Дети замолкли и приготовились слушать.
— Итак, из описания планеты вы помните, что Земля — это шар, который к центру становится всё теплее и теплее, а ядро — раскалённая серединка шара. Так вот, к центру Земли пробурена длинная скважина, в которую вставлен теплопроводный стержень. Сейчас стержень практически не используется и содержится как резервный источник энергии.
— Почему? — спросил Юрсик.
— Во-первых, — ответил Джет, — энергии Солнца хватает с избытком на все нужды, а во-вторых — учёные боятся, что из ядра со временем будет выкачено слишком много тепла, и Земля остынет.
— Но ведь Купол по сравнению с Землёй такой маленький, как же можно забрать всё её тепло? — спросили ребята.
Джет чуть возвысил голос (дети притихли):
— Довзрыва люди тоже думали, что планета большая и вытерпит всё, что с ней ни делай. Люди же и показали, что это не так. К чему привело такое отношение — мы все знаем. Поэтому лучше не черпать то, что может быть вычерпано до дна, пусть и не скоро. Именно потому, что мы полностью не вычерпываем ресурсы, мы ещё живём.
Из школы Джет шёл в несколько приподнятом настроении — общение с детьми пошло на пользу. «Всё-таки хороший возраст эти начальные классы. Главное, в них есть ещё эта живинка, умение удивляться чему-то новому. Жаль, что она быстро исчезает.» Он вспомнил свой предыдущий выпуск. Сейчас это были ещё молодые, но уже очень серьёзные и обстоятельные люди, осваивающие профессии, знающие, что они будут делать всю свою жизнь и спокойно принимающие свою ответственность. «Нет уж, скорее, свою участь», — вдруг горько усмехнулся Джет. Весёлое настроение резко отхлынуло, оставив место нарастающей тревоге. Он шёл и вспоминал прошлый выпуск, своих сверстников в юношестве — и становился всё более хмурым. Дети, которые были детьми в 7-10 лет, очень быстро превращались во взрослых, начиная осваивать профессии, всё меньше играя и всё больше рассуждая о будущем. В 15 лет, например, когда Джет бесперебойно читал и бродил по всей округе, прокручивая в голове содержание любимых книг и представляя радужные картины, его ровесники прокручивали уклад будущей семейной жизни и весь свой жизненный путь, и эмоции их с каждым годом всё больше меркли. С Джетом они иногда виделись, немного разговаривали при встрече, но морально смотрели в разные стороны. Жизнь их была определена и сформирована на все годы вперёд, и ничего принципиально нового уже не происходило. Каждый ясно знал свою функцию под Куполом, каждый тщательно и старательно выполнял свою работу, и каждая пара глаз становилась всё более и более тусклой.

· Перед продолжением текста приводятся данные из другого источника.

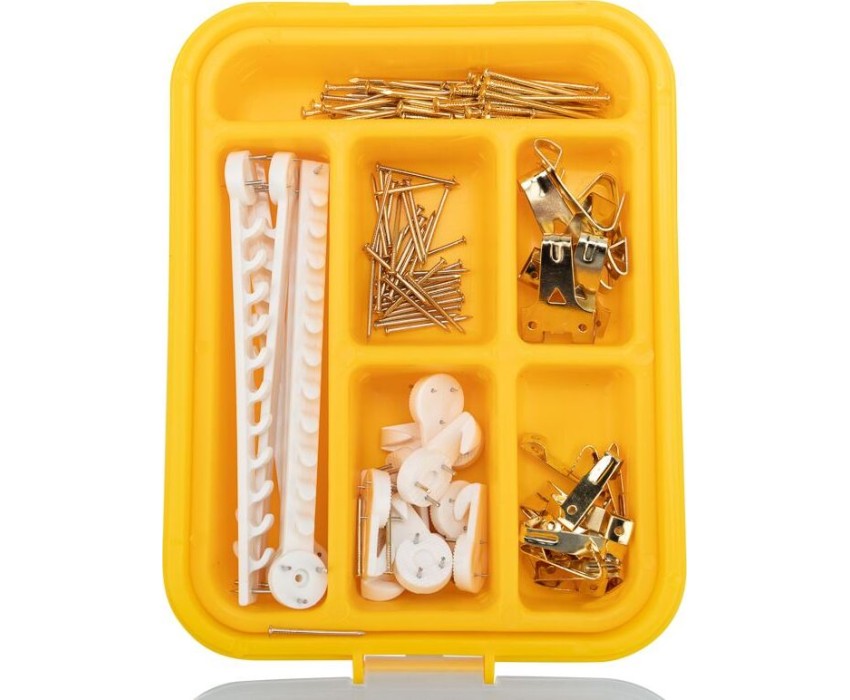 Набор для крепления картин включает в себя несколько видов крючков, которые подойдут к разным типам стен и полотнам с разным весом и размером.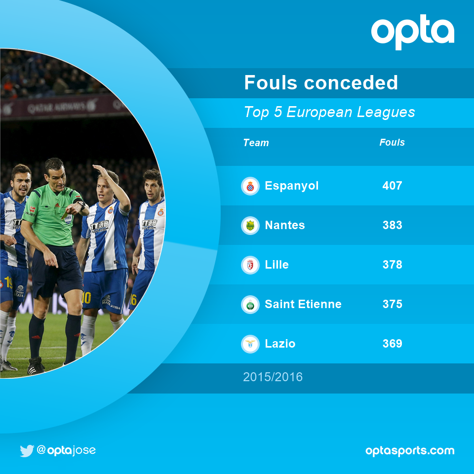 — 407 фолов совершили игроки «Эспаньола» в этом сезоне. Больше, чем каталонцы, в Европе не фолит никто;
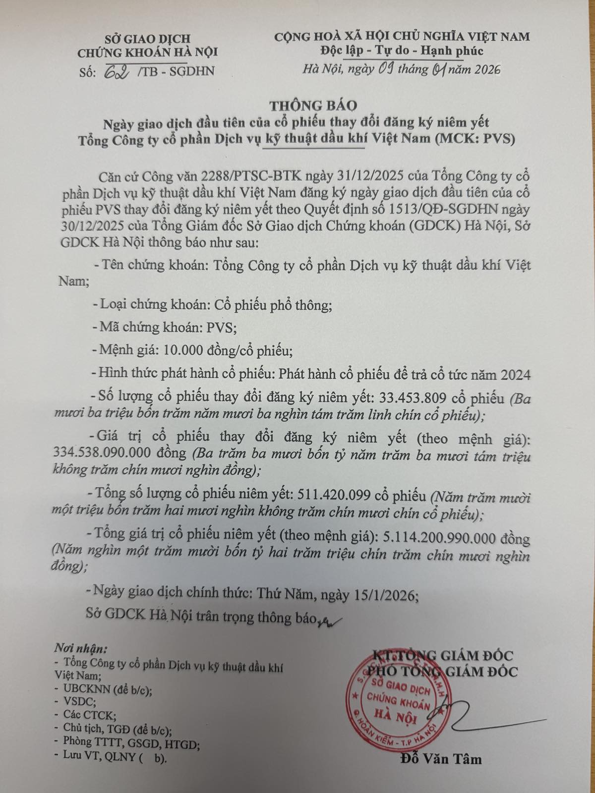 PVS: 15.1.2026, giao dịch 33.453.809 cp trả cổ tức năm 2024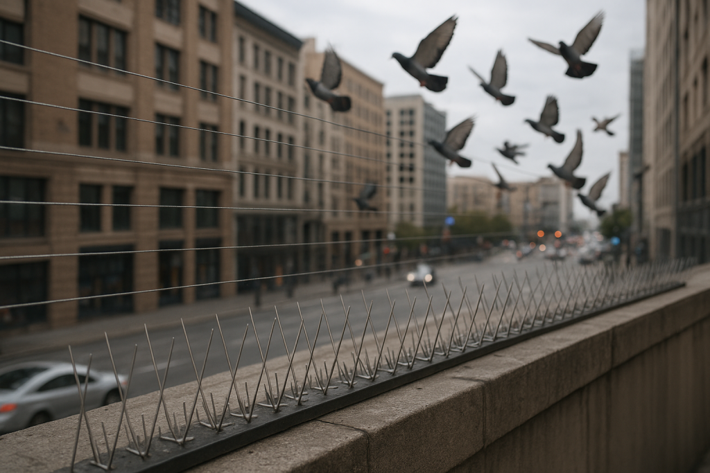 Effective spikes, netting, and wire systems to keep birds away.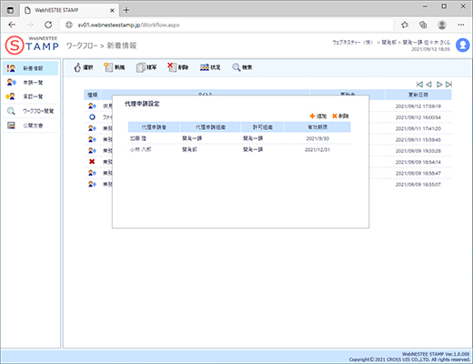 自身が長期出張等で不在になる場合、代理人を設定しておくことで委託された人が申請・承認をすることができます。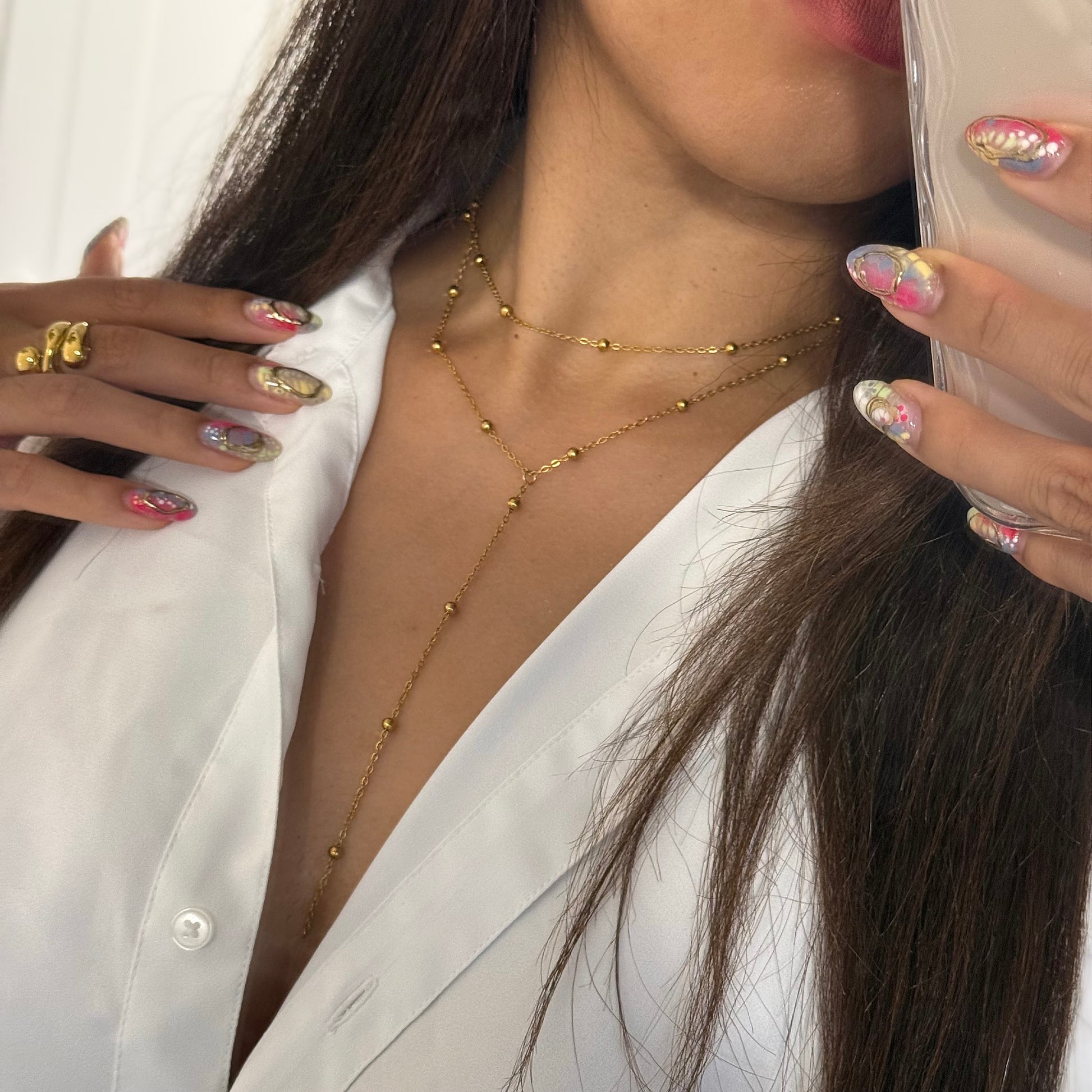 The Beaded Layered Y Drop Necklace features two delicate chains, accented with tiny gold beads and a graceful Y-drop detail that elongates the neckline. Feminine and flirty, it’s the perfect piece to add a little shimmer to your everyday wardrobe, or to dress up your favorite date-night look.

Мысли не оставили Джета спокойным: тревога начала нарастать. Причём быстро и сильно, без лишних прелюдий. Участилось дыхание, сердцебиение, ускорился шаг. Джет шёл, почти бежал по улице мимо домов, желая проскочить их все и не видеть, не видеть всё то, что он видел постоянно и знал наизусть. Каждый дом, каждую мелочь по дороге, тротуар — он мог с закрытыми глазами провести и рассказать, что где находится, когда, из чего и по какой технологии сделано. И доскональность, которой Джет когда-то гордился, потом воспринимал спокойно, сейчас всё больше выводила его из себя. Джет знал, что куда бы он ни кинул взгляд, он увидел бы что-то знакомое — и ничего нового.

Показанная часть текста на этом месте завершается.